Gays and lesbians cannot engage in these same courtship rituals . . .
. . . and that often leads to furtive, secretive Acting Out long before Self-Acceptance, and sometimes even before Self-Awareness. I know people, for instance, who were ‘experimenting’ with same-sex activity long before they could ever self-acknowledge physical and emotional attraction to the same sex. I know others who were completely self-aware long before they ever found a willing partner for the Acting Out scenario.
These three stages are a jumble, and that jumble is personal . . . and it relates to place and time and upbringing and local social mores and family structures (and strictures), among many other variables. We can also double-back and repeat a stage, or live in two stages at the same time.
I myself, for instance, grew up a closeted Baptist preacher’s kid, scared to hell of being found out, unable to give a word to the feelings inside, but still finding ways to act out before burying the desires deep inside during college. It took a near-marriage to a woman in 1983 for me to finally acknowledge and own up to any sense of self-awareness. And then I led a hermetic existence in Willow Springs for a year.
Self-acceptance was a few more years in the making.
Proclamation in my hierarchy is the act of giving up the need to know who else knows. For me, the closet door started to pop open in 1985 when I had a gay roommate for a while.
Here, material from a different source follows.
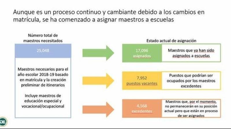 “En este momento, tenemos alrededor de unos 4,500 recursos disponibles que serán ubicados según las necesidades y las reglas. Bajo ninguna circunstancias deben verse como ‘afectados’ pues, sencillamente, serán relocalizados según dicta la realidad de la población estudiantil y el convenio colectivo. Además, repito, los maestros permanente mantendrán sus trabajos. Por ende, nadie se verá afectado”, agregó la Secretaria del Departamento de Educación (DE).
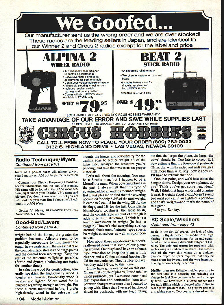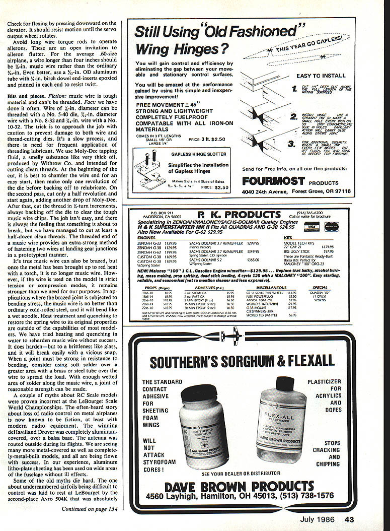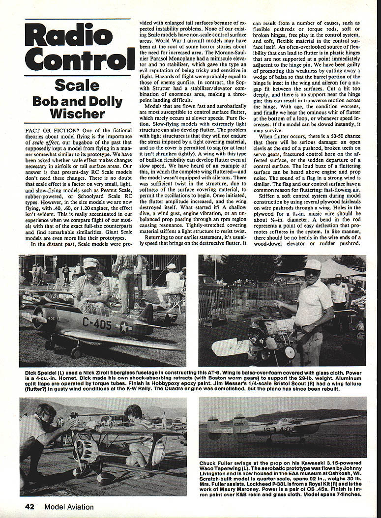 Radio Control Scale Bob Dolly Wischer FACT OR FICTION fictional theories about model flying importance scale effect bugaboo past supposedly kept model flying man ner somewhat similar its prototype have asked whether scale effect makes changes necessary airfoils tail surface areas answer present-day RC Scale models dont need changes no doubt scale effect factor very small light slow-flying models such Peanut Scale rubber-powered Schoolyard Scale RC types However size models now flying 40 60 120 engines effect isnt evident really accentuated experience compare flight mod els exact full-size counterparts find remarkable similarities Giant Scale models like prototypes distant past Scale models provided enlarged tail surfaces because ex pected instability problems None exist ing Scale models have non-scale control surface areas World War aircraft models may have root some horror stories about need increased area Morane-Saul nier Parasol Monoplane miniscule eleva tor no stabilizer gave type evil reputation being tricky sensitive flight Hazards flight probably equal enemy gunfire contrast Sopwith Strutter stabilizer/elevator com bination enormous area making threepoint landing difficult Models flown fast aerobatically susceptible control surface flutter rarely occurs slower speeds Pure fic tion Slow-flying models extremely light structure can also develop flutter problem light structures will endure stress imposed tight covering material cover permitted sag least isnt shrunken tightly wing type built-in flexibility can develop flutter slow speed have heard example complete wing flutteredand model wasnt equipped ailerons sufficient twist structure due softness surface covering material permit oscillations begin Once initiated flutter amplitude increased wing destroyed itself What started shallow dive wind gust engine vibration un balanced prop passing through rpm region causing resonance Tightly-stretched covering material stiffens light structure resist twist Returning earlier statement its usual ly speed brings destructive flutter can result number causes such flexible pushrods torque rods soft broken hinges free play control system soft flexible material control sur face itself An often-overlooked source flex ibility can lead flutter plastic hinges supported point immediately adjacent hinge pin have guilty promoting weakness cutting away wedge balsa barrel portion hinge inset wing aileron nogap fit between surfaces Cut bit too deeply no support near hinge pin can result transverse motion across hinge age condition worsens finally hear ominous whir flutter bottom loop whenever speed creases model can slowed instantly may survive flutter occurs 50-50 chance will serious damage open clevis end pushrod broken teeth servo gears fractured control horn af fected surface sudden departure control surface loud buzz fluttering surface can heard above engine prop noise sound flag strong wind similar flag control surface have common reason fluttering fast-flowing air Stiffen soft control system during model construction using several plywood fairleads wire pushrods through wing Holes plywood A-in music wire should about %2-in diameter bend rod represents point easy deflection pro motes softness system like manner should no bends wire ends wood-dowel elevator rudder pushrod Dick Speldel L used Nick ZIroil fiberglass fusciage constructing AT-S Wing baisa-over-foam covered giass cioth Power 4-cu-ln Hornet DIck made own shock-absorbing retracts Boston worm gears support 29-ib weight Aiuminum split fiaps operated torque tubes Finish Hobbypoxy epoxy paint Jim Messers 1/4-scale Bristol Scout R wing faiiure flutter gusty wind conditions K-W Raiiy Quadra engine demoiished piane has since rebuiit 42 Model Aviation Chuck Fuller swings prop Kawasaki 315-powered Waco Taperwing L aerobatic prototype flown Johnny Livingston now housed EAA museum Oshkosh WI Scratch-bulit modei quarter-scais spans 92 weighs 30 ib Mrs Fuiierassists Lockheed P-38L lafrom Royal Kit CR lathe work Maury Maroney Power pair 08 45g FinIsh im ron paint over K&B resin glass cloth Model spans 74inches Check flexing pressing downward elevator should resist motion until servo output wheel rotates Avoid long wire torque rods operate ailerons open invitation aileron flutter average 60-size airplane wire longer four inches should 1-in music wire rather ordinary /,-in better use 8A2-in OD aluminum tube A-in birch dowel end-inserts epoxied pinned end resist twist flits pieces Fiction music wire tough material cant threaded Fact have done often Wire 1-in diameter can threaded No 5-40 die %2-in diameter wire No 8-32 Y6-in wire No 10-32 trick approach job caution prevent damage both wire thread-cutting dies Its slow process need frequent application threading lubricant use Moly-Dee tapping fluid smelly substance like very thick oil produced Withrow Co intended cutting clean threads beginning cut best chamfer wire end easy start make revolution die before backing off relubricate second pass cut half revolution start again adding another drop Moly-Dee After cut thread A-turn increments always backing off die clear tough music wire chips job isnt easy always feeling something about break have managed cut least half-dozen clean threads threaded end music wire provides extra-strong method fastening two wires landing gear junctions prototypical manner Its true music wire can also brazed once metal has brought up red heat torch no longer music wire ever wire used model strict tension compression modes remains stronger need purposes ap plications brazed joint subjected bending stress music wire no better ordinary cold-rolled steel will bend like wet noodle Heat treatment quenching restore spring wire its original properties outside capabilities model ers have tried heating quenching water reharden music wire success does hardenbut brittleness like glass will break easily vicious snap joint must strong resistance bending consider using soft solder over greater area br

It then shut again because of my employment and church relationships, and finally came open in 1988. But ‘open’ is a relative term, because I was guarded and limited those to whom I said “I’m gay.” I lost friends along the way. I mourned them at first, and their reactions led me to examine whether proclamation was worth then cost.
Then I started building what I now know as a ‘family of choice.’
Back the to story. My parents learned in 1990; my sisters, several years later. I started my master’s degree in earnest in 1991, and that’s when I gave up trying to control the flow of information. I had by then left the Southern Baptist church, embraced a much less absolute world view, and moved far to the left on the political spectrum. This all happened during approximately the same period in my life.
So many gay men I know start with “I think I’m bi.” They then move at some point, usually quite soon, to “I’m gay, but don’t tell anyone else.” This is all part of the movement toward full embrace of the proclamation mindset, which ultimately culminates in “I am who I am, and I don’t care who knows, nor does this aspect of who I am define me in my total humanity.”
Nurturing is the final stage, and it is simply that place where one is now self-actualized enough that nurturing of others — helping others reach their own place of nurturing, and helping them through the fog of the first three stages — is part and parcel of life.
I was in my mid-30s when I think I finally settled in the nurturer place.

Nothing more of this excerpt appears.